The largest independent observer group Zimbabwe Election Support (Zesn) said there is need to ensure that there is no executive interference in the electoral processes.

The leading domestic monitoring body said its understanding was that the Zimbabwe Electoral Commission (Zec) intends to use the technology solely for the purposes of capturing bio-metric features such as fingerprints during voter registration in order to create a new voters’ roll for the 2018 harmonised elections and not for e-voting.

“Thus, Zesn believes that the fears of technology failure are unfounded given that the technology will only be used for registering voters,” Zesn leader Rindai Chipfunde-Vava said.

“On election day, voters will still be required to present their identification documents and be issued with a paper ballot paper and not vote electronically.

“Hence, it is important to note that there will be no technology failure on election day as Zec will issue printed copies of the voters’ roll at polling stations,” it said, adding it was “imperative for Zec to clarify the issue of the BVR viz-a-viz e-voting.”

Election Resource Centre (ERC) said everything else except the capturing of bio-metric features remains manual in the case of Zimbabwe and difficult to hack.

“What can be hacked in BVR; can also be the same under a manual process whose versions are kept as electronic as demanded by the Electoral Act,” ERC said in a statement yesterday.

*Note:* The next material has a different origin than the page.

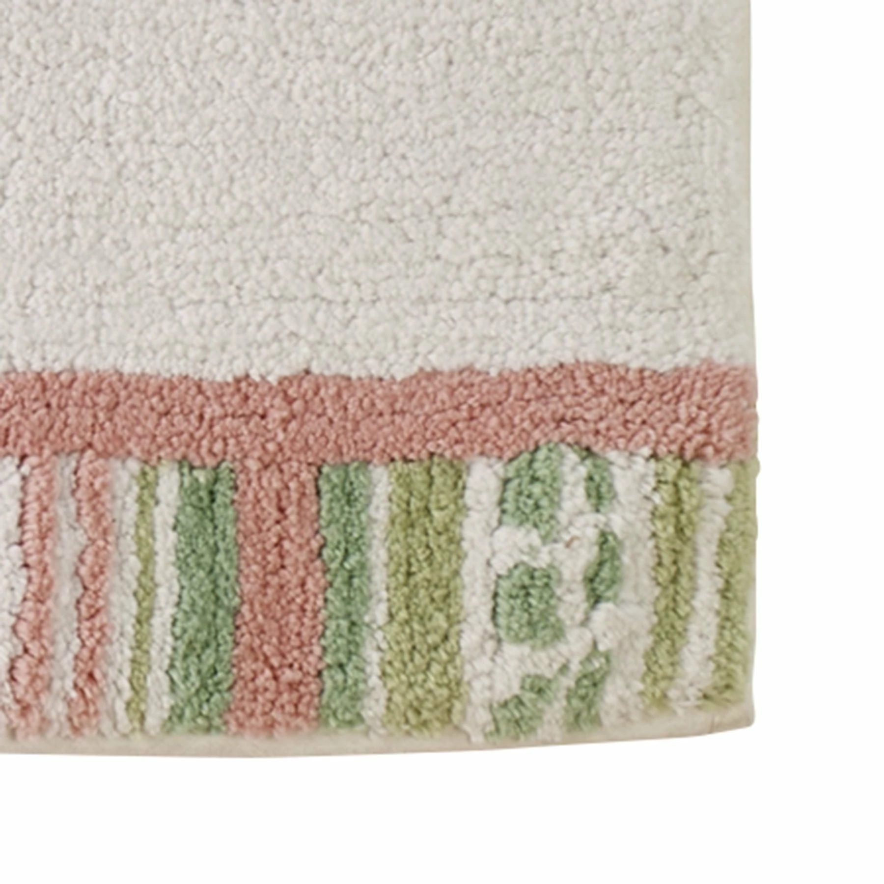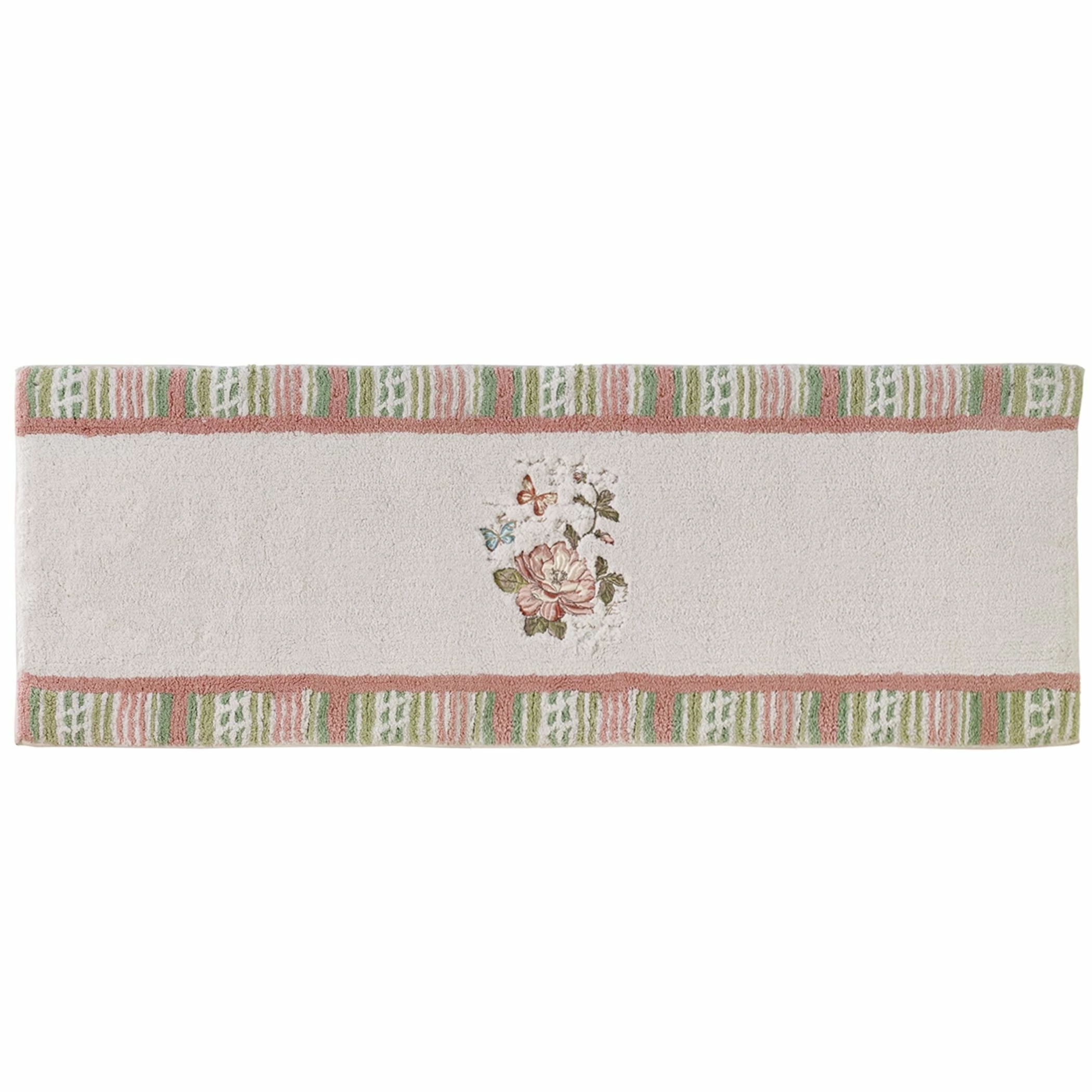 The Avanti Butterfly Garden Rug is tufted in 100% cotton and embroidered with the beautiful rose and butterfly design. The rug is framed top and bottom with a coordinating multi-color stripe. This oversized rug is skid resistant and machine washable.

The poll watchdog also rejected claims that BVR is more expensive, saying voter registration in 2013 cost $15,8 million out of a requested $25 million.

“Important to note is the fact that infrastructure for voter registration was already in place at the Registrar General, it was extension of voter registration as compared to new voter registration, and the result was a disputed voters’ roll.

“Zec has requested $29 million for BVR, including procurement of the kits. A new voter registration process, a new infrastructure, and a de-duplication process are new features. Certainly, this is not more expensive. The ERC contends that a manual process would be more expensive,” it said.